TRY IT ▸ Please print, exactly as written, the line containing "Hypoallergenic jewelry for" and each line after it through the end of the material; pictures stay out.

DATA SHOWN ▸
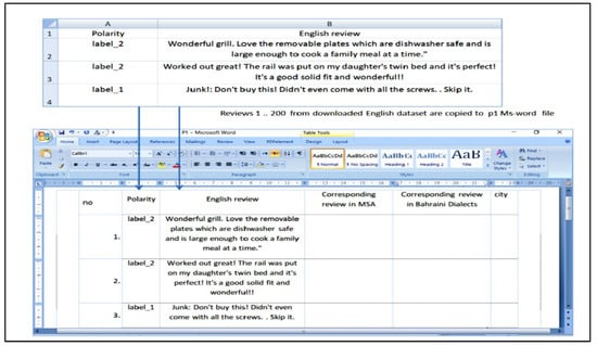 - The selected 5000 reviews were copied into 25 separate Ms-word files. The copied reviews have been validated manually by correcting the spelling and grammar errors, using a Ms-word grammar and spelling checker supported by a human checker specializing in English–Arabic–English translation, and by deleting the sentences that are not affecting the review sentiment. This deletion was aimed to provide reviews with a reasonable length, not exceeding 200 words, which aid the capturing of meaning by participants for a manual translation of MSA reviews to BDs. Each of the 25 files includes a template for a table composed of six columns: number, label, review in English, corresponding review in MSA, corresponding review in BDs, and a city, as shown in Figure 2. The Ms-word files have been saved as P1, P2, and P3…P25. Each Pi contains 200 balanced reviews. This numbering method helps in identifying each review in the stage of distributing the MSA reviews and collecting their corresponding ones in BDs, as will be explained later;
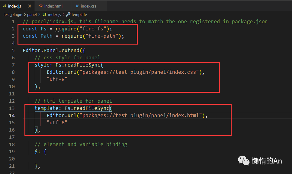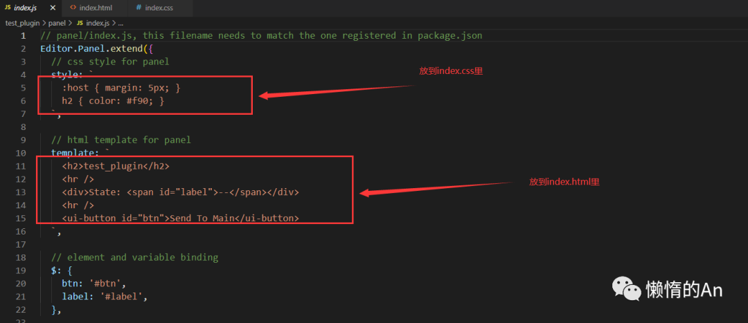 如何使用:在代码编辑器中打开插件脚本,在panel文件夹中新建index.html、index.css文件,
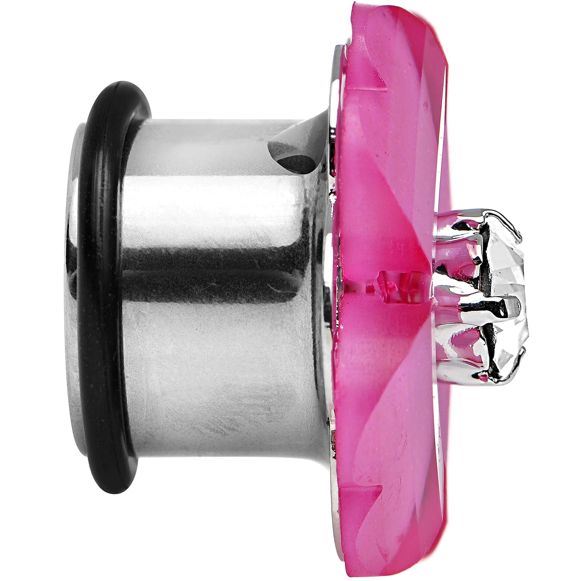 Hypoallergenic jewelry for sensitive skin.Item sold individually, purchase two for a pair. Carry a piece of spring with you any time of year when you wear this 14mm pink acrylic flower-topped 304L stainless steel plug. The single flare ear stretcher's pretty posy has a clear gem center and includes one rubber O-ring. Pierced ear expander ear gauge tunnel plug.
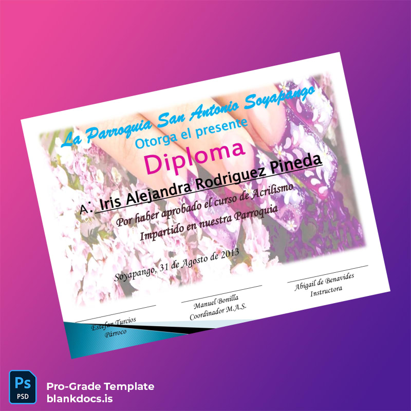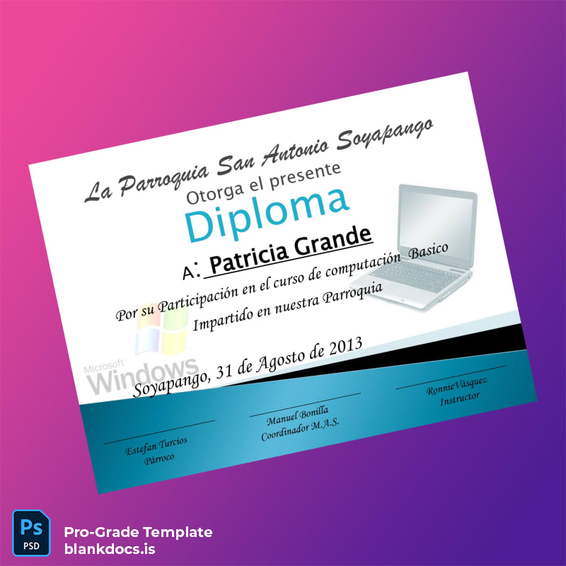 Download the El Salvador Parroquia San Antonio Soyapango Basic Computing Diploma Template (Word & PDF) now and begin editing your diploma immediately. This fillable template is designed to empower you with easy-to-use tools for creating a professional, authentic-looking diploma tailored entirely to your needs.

RESPONSE TO THE TASK ▸
 Hypoallergenic jewelry for sensitive skin.Item sold individually, purchase two for a pair. Carry a piece of spring with you any time of year when you wear this 14mm pink acrylic flower-topped 304L stainless steel plug. The single flare ear stretcher's pretty posy has a clear gem center and includes one rubber O-ring. Pierced ear expander ear gauge tunnel plug.
 Download the El Salvador Parroquia San Antonio Soyapango Basic Computing Diploma Template (Word & PDF) now and begin editing your diploma immediately. This fillable template is designed to empower you with easy-to-use tools for creating a professional, authentic-looking diploma tailored entirely to your needs.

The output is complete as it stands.